Passage West is a 1951 American Western film directed by Lewis R. Foster and starring John Payne, Dennis O'Keefe and Arleen Whelan.

==Plot==
Six convicts, led by Pete Black, escape a Utah prison and intercept a California-bound wagon train and interrupt a child's funeral. Demanding that the wagons leave immediately, they anger Rose Billings, a woman in a black dress mourning her father, but wagon train leader Jacob Karns, a preacher who plans to marry Rose, thinks that it best to obey the men. Curly, one of the prisoners, makes a pass at Rose and is whipped by Pete. He fancies Rose for himself, but she whips him.

At a fork on the trail, Pete insists that the wagons risk a faster but more dangerous route. They are soon trapped in dust and rain storms. A cow dies, and without milk, a baby dies. When Rose changes her mourning clothes for a frilly outfit, Pete again shows an interest in her, and Karns fights and defeats him.

Curly steals money from the travelers and shoots Pete, who is surprised when Karns and Rose willingly tend to his wound. Karns admits that he once led a wild life as Pete now does, and he appeals to Pete to change.
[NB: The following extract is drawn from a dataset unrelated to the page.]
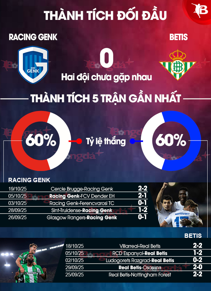 Ở chiều ngược lại, trong 6 trận sân nhà gần đây Genk chỉ thắng được có 2, còn lại là 4 lần họ để cho các vị khách được ra về với niềm vui chiến thắng. Với những gì đang thể hiện thì Genk xứng đáng được xem là "miếng mồi ngon", chứ không phải là thử thách dành cho Betis. Xét về phong độ, đại diện tới từ Tây Ban Nha với chuỗi 7 trận bất bại liên tiếp (thắng 4, hòa 3) rõ ràng đang làm tốt hơn Genk rất nhiều.

Reaching a town, the fugitives discover gold in a cave and their greed consumes them. Gunfire ensues, and Pete, guilty and tired, detonates a charge of dynamite to bury all of his men as well as himself.

==Cast==
- John Payne as Pete Black
- Arleen Whelan as Rose Billings
- Dennis O'Keefe as Jacob Karns
- Frank Faylen as Curly
- Mary Anderson as Myra Johnson
- Peter Hansen as Michael Karns
- Richard Rober as Mike
- Mary Beth Hughes as Nellie McBride
- Griff Barnett as Papa Emil Ludwig
- Mary Field as Miss Swingate
- Dooley Wilson as Rainbow
- Richard Travis as Ben Johnson
- Lillian Bronson as Bom Brennan
- Arthur Hunnicutt as Pop Brennan
- Ilka Grüning as Mama Ludwig (as Ilka Gruning)

== Reception ==
In a contemporary review for The New York Times, critic Oscar Godbout wrote: "The trials and tribulations of a wagon train of religious settlers after they have been taken over by a half dozen jail-breaking gunmen seems to have fired the enthusiasm of producers William Pine and William Thomas. They managed to come out pretty well on the credit side of the ledger ... 'Passage West,' while interesting, is not one for the books."